In Cina uomo arrestato per aver pubblicato un meme ironico su WeChat

In Cina uomo arrestato per aver pubblicato un meme ironico su WeChat

Un uomo, il signor Lee, è stato arrestato a causa di un meme inviato su WeChat e che la polizia ha ritenuto “offensivo”. Il fatto è accaduto in Cina, con l’uomo che è stato trattenuto per ben nove giorni. Stando ad alcune indiscrezioni diffuse dal quotidiano The Post, il protagonista della vicenda avrebbe contestato, all’interno del gruppo dei suoi amici, le modalità di gestione della pandemia da COVID – 19. Secondo la sua opinione, il governo cinese avrebbe adottato misure di prevenzione e controllo eccessivamente severe. Inoltre, l’uomo avrebbe accompagnato la conversazione su WeChat con la diffusione di una foto, quella di un cane, Doge, che indossa il cappello della polizia e ha in mano un distintivo. Si tratta di una foto molto comune, che circola molto sui social, già prima del diffondersi della pandemia e che viene postata su diverse piattaforme.

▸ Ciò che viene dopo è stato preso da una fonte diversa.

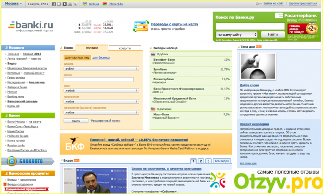 На банках ру есть конечно и минусы, это излишняя реклама, которая может вылезти и сбить с толку, но на этом сайт видимо неплохо зарабатывает.

A pochi giorni dalla pubblicazione della foto, ha raccontato il quotidiano statale The Post, la polizia di Qingtongxia ha fatto scattare le indagini sulla chat, che già raccoglieva oltre 330 partecipanti, risalendo al mittente del destinatario dell’immagine incriminata. Dopo essere stato identificato, l’uomo è stato convocato dalle forze dell’ordine presso una stazione di polizia, dove ha subito un lungo interrogatorio. Gli agenti che lo hanno incontrato avrebbero riferito che l’uomo avrebbe ammesso di “aver insultato la polizia”. A seguito di questa confessione, è scattato un arresto, durato nove giorni. Una misura così restrittiva ancora non era mai stata messa in atto per la diffusione di un meme comico su una chat privata. I più critici hanno pensato che l’azione della polizia fosse finalizzata a “diffondere il terrore sui social”. Al termine dei nove giorni, l’uomo ha potuto fare rientro a casa.

Dal canto suo, la polizia ha difeso il proprio operato, affermando come l’arresto sia stato necessario “per difendere la dignità e l’integrità degli agenti, che ogni giorno operano per garantire una politica di tolleranza zero sui contagi”. Tuttavia, la popolazione ha reagito a questa azione da parte della polizia, mostrando insofferenza e praticando resistenza pubblica nelle ultime settimane. Molti utenti hanno protestato contro la sentenza che ha colpito il signor Lee, affermando come la circolazione di una barzelletta online non può essere motivo di detenzione da parte della polizia. Inoltre, ad ottobre, due residenti siano stati arrestati per aver tentato di violare la quarantena, uscendo di soppiatto dal loro quartiere di residenza. Sui social, infine, altre persone hanno iniziato a lamentarsi dei blocchi e delle restrizioni messe in atto per lunghi periodi di tempo, in seguito alla pandemia da COVID – 19.